Thousands of people live in the Clamber. That thought emerged in her mind every time she let herself weave through the endless stream of thoughts. All suffering, like me. All in need of escape, like me. How did the Great Mother do this? How did she emerge from a commoner, suddenly immortal and powerful, to lead millions of people under her banner?

Finally, her eyes tweaked to the stapled picture of a woman so white, her skin seemed fragile that it could peel off. The picture wasn't a fancy thing. The painted woman was the Great Mother Empress Mara, who ruled the world two thousand years ago in the name of the Mono Empire. No one knew how she originally looked, but through written texts and archaeological shreds of evidence existed a beautiful woman whom many nations praised. Thus, illustrations would be the only medium for her followers to picture her appearance.

Kayla brought herself down and knelt, her tan skin a muddy nuisance to the darkness in the living room. She clasped her hands and prayed.

Don't let this world forsake me. Protect me always, Mother Mara, and protect both my brother and sister, for they are only what I have. Bring peace to our country, so we can feel safe without the thousands of minutes spend worrying about the fate of our lives.

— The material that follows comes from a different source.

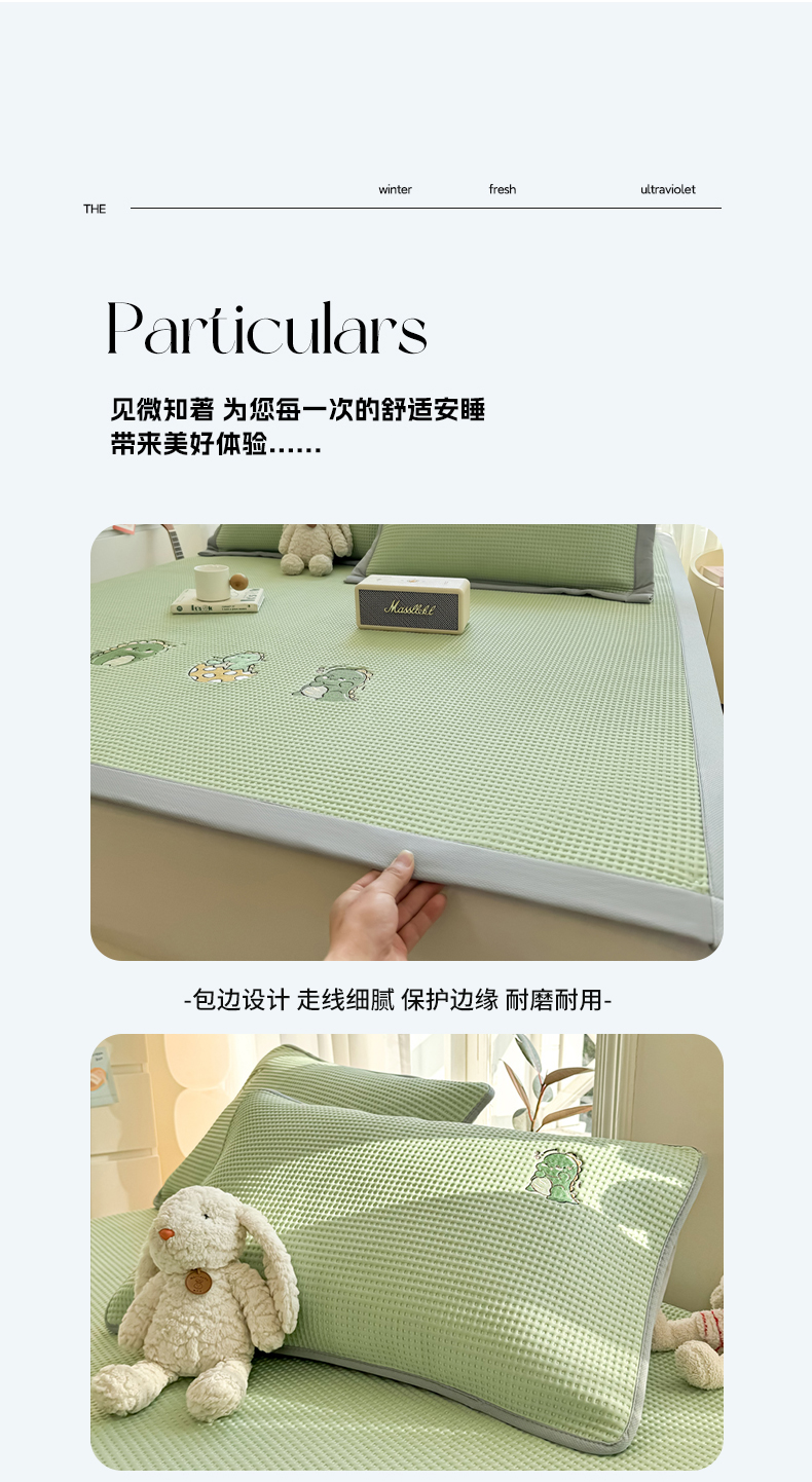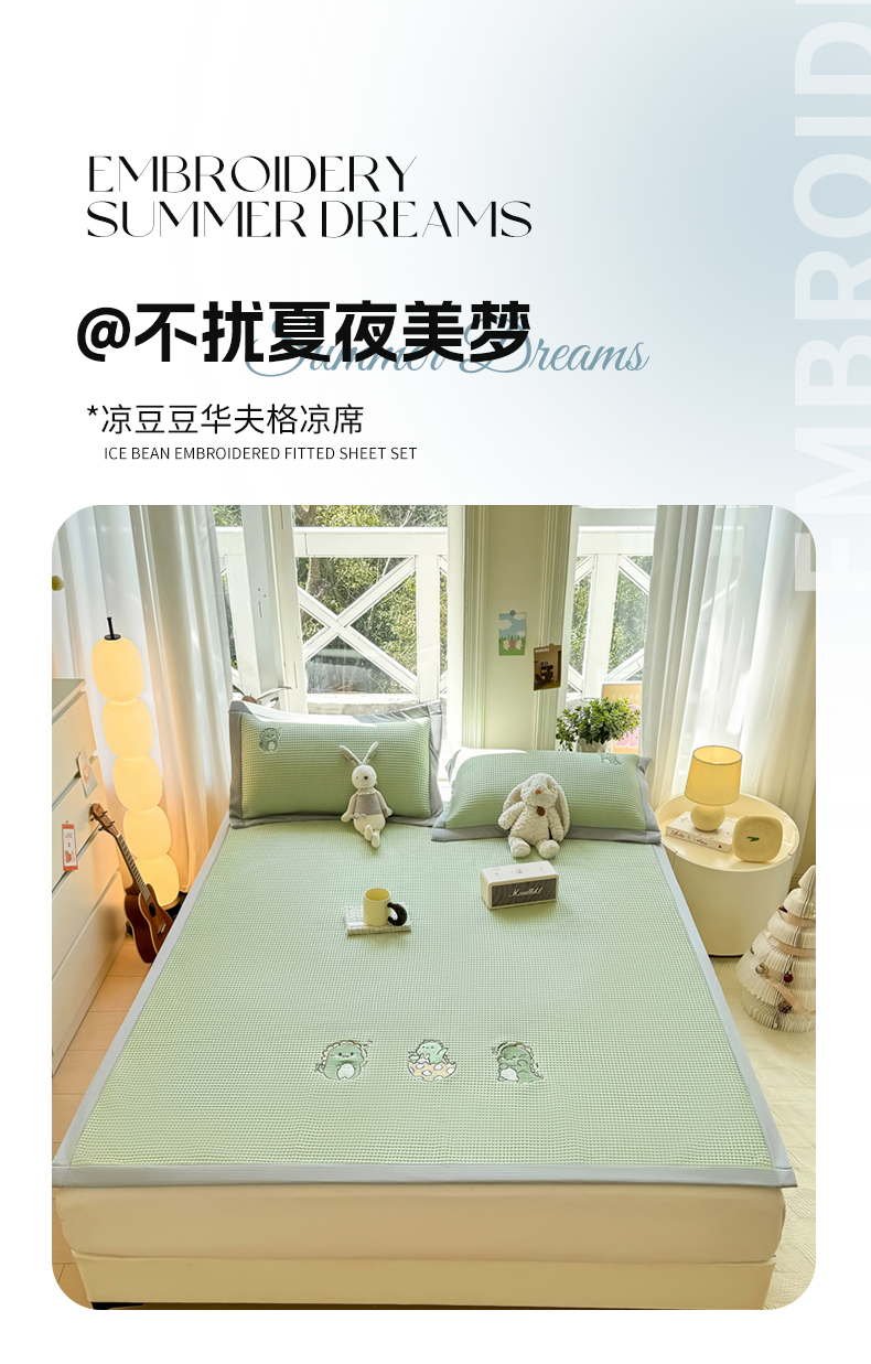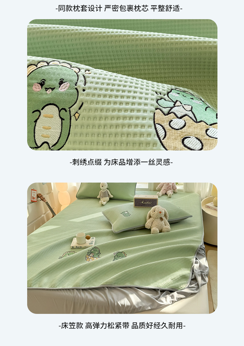当前位置: 91家纺网 > 商品网购 > 床上用品 > 凉席 > 其他凉席 > 萌飞 2025新款乙纶PE中分子华夫格凉豆豆凉席 中分子PE凉豆豆凉席-调皮小恐龙-果绿【平铺款】

After the prayer, Kayla snatched an ugly doll from the wooden desk and headed to her room which she shared with Kaia. It was a small thing, cloistered on the back of the house with not enough room for the two of them to stand at the same time.

She climbed the top bunk and sank in the pillows, muzzling her ears from the constant sounds of moving things⸺ the constant movements and vibrations of cars, of loud music, of screams from neighboring houses, of advertisements bleaching the sides of Clambers.

Lilith, the ugly, humanoid doll Kaif gave her years ago, lay comfortably within Kayla's embrace. Its button eyes stared into the blackened ceiling which Kayla refused to look at. It was a very uninteresting splotch of burnt asbestos.

After a struggle, Kayla drowsed.

"Wake up, you knob!" Kaia shook Kayla's shoulder before she groaned.

When she opened her eyes, all she saw was the ugliness of her sister. She was half-dressed, her hair a messy knot of strings. Her eyes were bleakly red above her tan cheeks which had been emblazoned with tears.

"You're not going to school today," she said abruptly. "Your brother's dead."